- WORK INSTRUCTION
Exact reproduction of every record is required, and pictures are to be excluded.

- EXCERPTED RECORDS
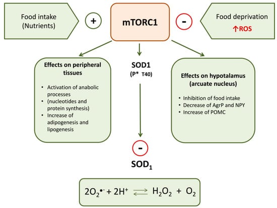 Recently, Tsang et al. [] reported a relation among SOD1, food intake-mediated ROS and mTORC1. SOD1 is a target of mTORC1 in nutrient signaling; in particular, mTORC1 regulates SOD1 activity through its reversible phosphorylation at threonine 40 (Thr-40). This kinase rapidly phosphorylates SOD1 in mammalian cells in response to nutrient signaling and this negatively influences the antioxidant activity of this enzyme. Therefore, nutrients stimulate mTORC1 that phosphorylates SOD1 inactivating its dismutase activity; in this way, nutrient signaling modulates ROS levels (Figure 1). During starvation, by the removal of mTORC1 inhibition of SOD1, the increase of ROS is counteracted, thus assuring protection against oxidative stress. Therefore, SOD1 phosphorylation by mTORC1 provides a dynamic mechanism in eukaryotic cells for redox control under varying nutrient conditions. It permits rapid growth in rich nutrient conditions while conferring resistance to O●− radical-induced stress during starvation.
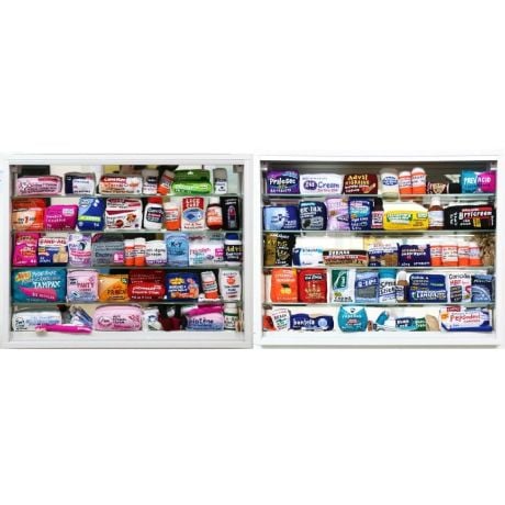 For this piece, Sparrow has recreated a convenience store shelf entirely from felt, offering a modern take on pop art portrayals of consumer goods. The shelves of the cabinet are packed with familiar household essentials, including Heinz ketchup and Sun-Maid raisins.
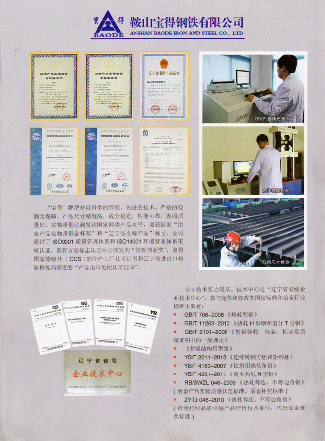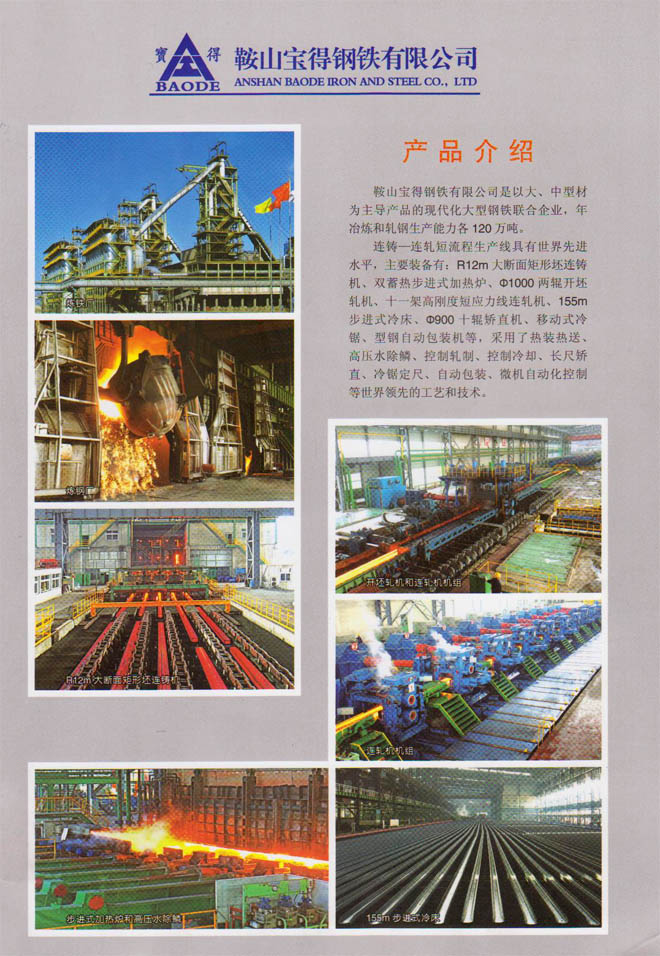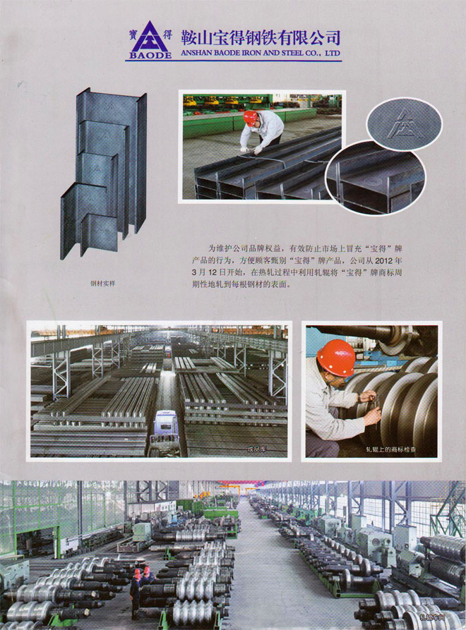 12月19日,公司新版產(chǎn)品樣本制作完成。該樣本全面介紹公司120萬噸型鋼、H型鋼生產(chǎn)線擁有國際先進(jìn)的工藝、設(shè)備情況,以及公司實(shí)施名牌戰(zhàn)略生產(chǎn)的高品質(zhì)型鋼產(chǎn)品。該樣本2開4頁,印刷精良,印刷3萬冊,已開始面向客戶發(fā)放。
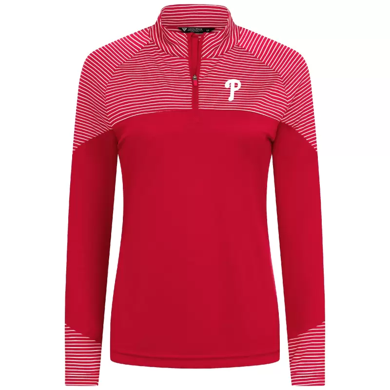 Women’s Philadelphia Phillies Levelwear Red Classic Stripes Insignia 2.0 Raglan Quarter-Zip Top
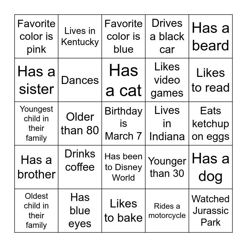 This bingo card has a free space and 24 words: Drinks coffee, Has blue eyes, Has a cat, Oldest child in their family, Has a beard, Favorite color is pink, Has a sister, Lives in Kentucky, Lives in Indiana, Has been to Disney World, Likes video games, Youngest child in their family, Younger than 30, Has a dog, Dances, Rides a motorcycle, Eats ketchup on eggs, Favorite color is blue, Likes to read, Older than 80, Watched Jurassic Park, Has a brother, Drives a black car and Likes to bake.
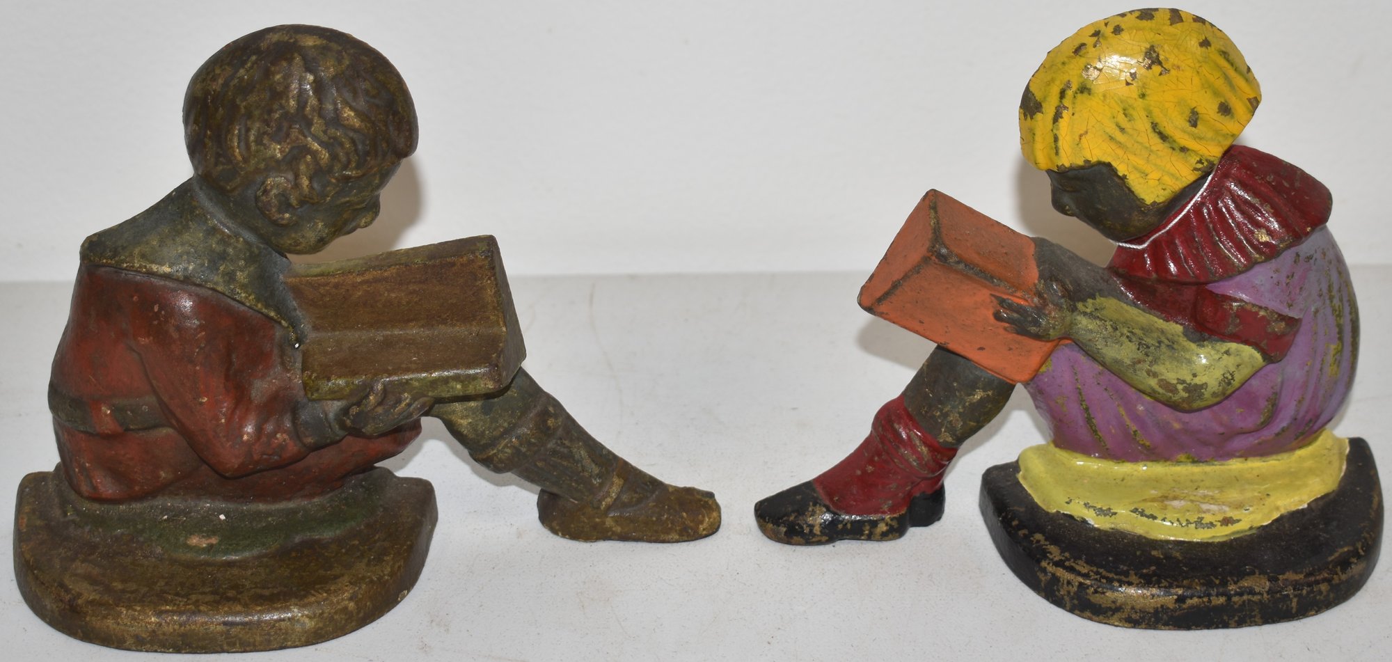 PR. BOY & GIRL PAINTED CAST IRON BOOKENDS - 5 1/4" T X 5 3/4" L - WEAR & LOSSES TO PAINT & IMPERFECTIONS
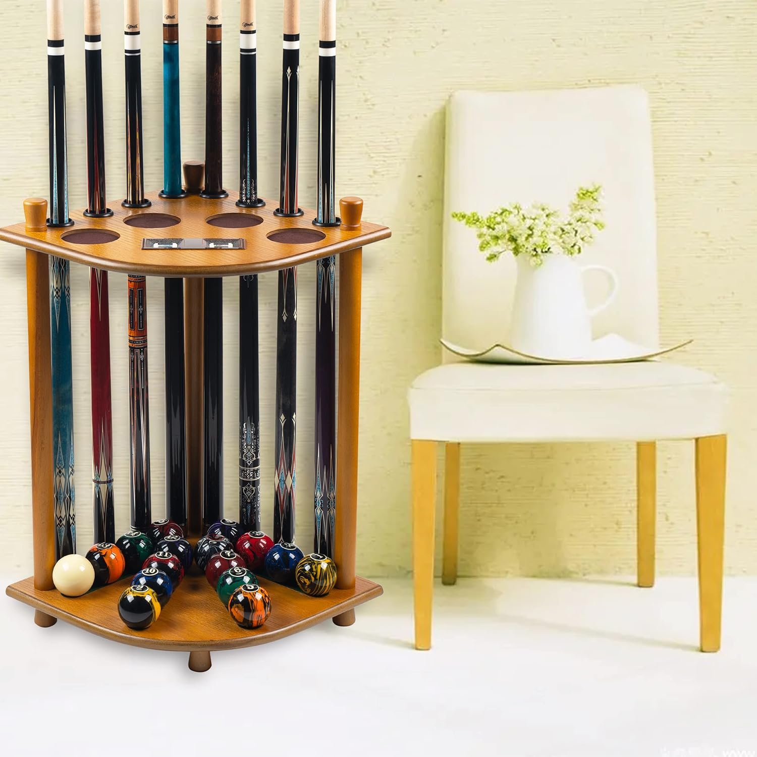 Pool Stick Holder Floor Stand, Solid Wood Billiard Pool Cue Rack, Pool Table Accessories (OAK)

- EXERCISE RESULT
 Recently, Tsang et al. [] reported a relation among SOD1, food intake-mediated ROS and mTORC1. SOD1 is a target of mTORC1 in nutrient signaling; in particular, mTORC1 regulates SOD1 activity through its reversible phosphorylation at threonine 40 (Thr-40). This kinase rapidly phosphorylates SOD1 in mammalian cells in response to nutrient signaling and this negatively influences the antioxidant activity of this enzyme. Therefore, nutrients stimulate mTORC1 that phosphorylates SOD1 inactivating its dismutase activity; in this way, nutrient signaling modulates ROS levels (Figure 1). During starvation, by the removal of mTORC1 inhibition of SOD1, the increase of ROS is counteracted, thus assuring protection against oxidative stress. Therefore, SOD1 phosphorylation by mTORC1 provides a dynamic mechanism in eukaryotic cells for redox control under varying nutrient conditions. It permits rapid growth in rich nutrient conditions while conferring resistance to O●− radical-induced stress during starvation.
 For this piece, Sparrow has recreated a convenience store shelf entirely from felt, offering a modern take on pop art portrayals of consumer goods. The shelves of the cabinet are packed with familiar household essentials, including Heinz ketchup and Sun-Maid raisins.
 12月19日,公司新版產(chǎn)品樣本制作完成。該樣本全面介紹公司120萬噸型鋼、H型鋼生產(chǎn)線擁有國際先進(jìn)的工藝、設(shè)備情況,以及公司實(shí)施名牌戰(zhàn)略生產(chǎn)的高品質(zhì)型鋼產(chǎn)品。該樣本2開4頁,印刷精良,印刷3萬冊,已開始面向客戶發(fā)放。
 Women’s Philadelphia Phillies Levelwear Red Classic Stripes Insignia 2.0 Raglan Quarter-Zip Top
 This bingo card has a free space and 24 words: Drinks coffee, Has blue eyes, Has a cat, Oldest child in their family, Has a beard, Favorite color is pink, Has a sister, Lives in Kentucky, Lives in Indiana, Has been to Disney World, Likes video games, Youngest child in their family, Younger than 30, Has a dog, Dances, Rides a motorcycle, Eats ketchup on eggs, Favorite color is blue, Likes to read, Older than 80, Watched Jurassic Park, Has a brother, Drives a black car and Likes to bake.
 PR. BOY & GIRL PAINTED CAST IRON BOOKENDS - 5 1/4" T X 5 3/4" L - WEAR & LOSSES TO PAINT & IMPERFECTIONS
 Pool Stick Holder Floor Stand, Solid Wood Billiard Pool Cue Rack, Pool Table Accessories (OAK)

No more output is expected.